| TASK REQUIREMENTS |
Please copy, exactly as written, the span from the first line below to the line that contains "Dia Mirza looks", including both, and skip the pictures.

| RECORDS FOR PROCESSING |
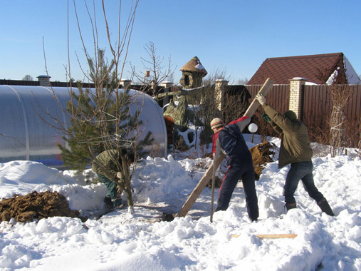 Посадка крупномерного дерева в подготовленную яму.
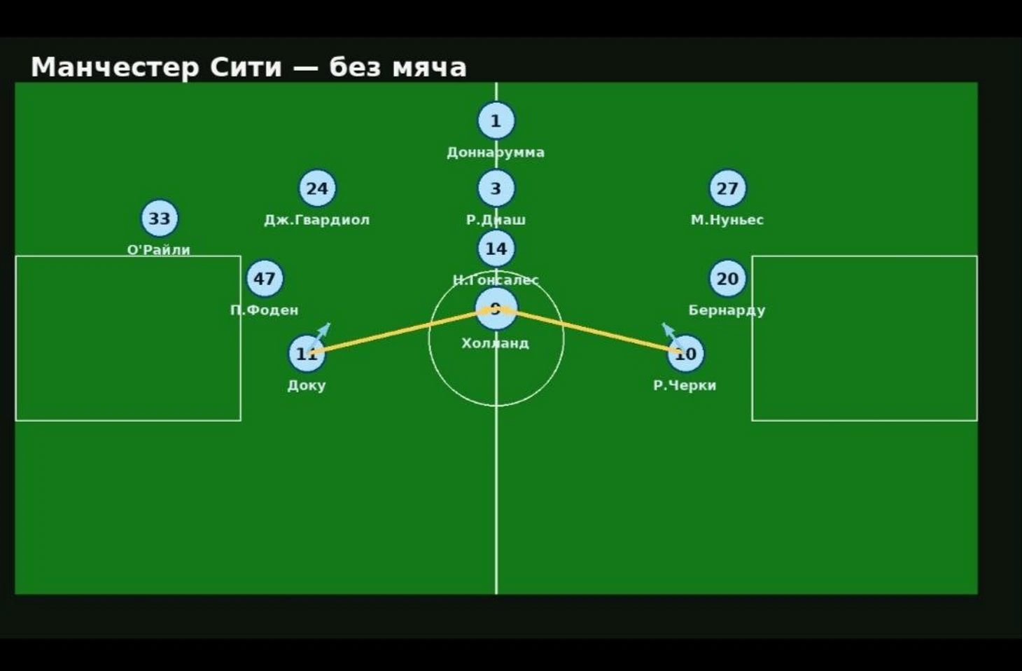 Второй тайм полностью получился за «Сити», который доминировал на поле. В концовке тренер Реала пошел на интересное, но отчаянное решение: попытался сыграть в три защитника и выпустил Арду Гюлера и Браима Диаса в роли «десяток», однако эта агрессивная тактическая схема не сработала.
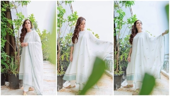 Dia Mirza looks like a vision in ₹23k ivory handwoven linen kurta set
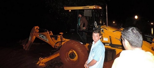 O nível do rio Tonete, em Nova Cantu, voltou a subir durante a madrugada e, outra vez, casas foram alagadas. A equipe da prefeitura teve que entrar em ação mesmo de madrugada. E olha só quem é que ficou no comando da retroescavadeira! Ele mesmo: o prefeito Airton Agnolin. Literalmente, botou o pé na lama. Ah, tá pensando o quê!...
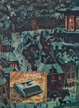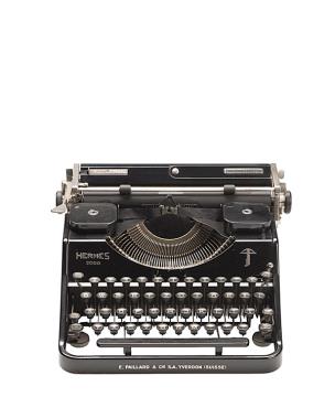 Schreibmaschine Hermes Modell 2000 Eigenschaften: Typenhebel, Vorderanschlag, einfache Umschaltung, Farbband, Tabulator Tastatur: universal, vierreihig, 44 Schreibtasten Konstrukteur: Giuseppe Prezioso Besonderheit: eckige Farbbandabdeckung

| EXERCISE OUTPUT |
 Посадка крупномерного дерева в подготовленную яму.
 Второй тайм полностью получился за «Сити», который доминировал на поле. В концовке тренер Реала пошел на интересное, но отчаянное решение: попытался сыграть в три защитника и выпустил Арду Гюлера и Браима Диаса в роли «десяток», однако эта агрессивная тактическая схема не сработала.
 Dia Mirza looks like a vision in ₹23k ivory handwoven linen kurta set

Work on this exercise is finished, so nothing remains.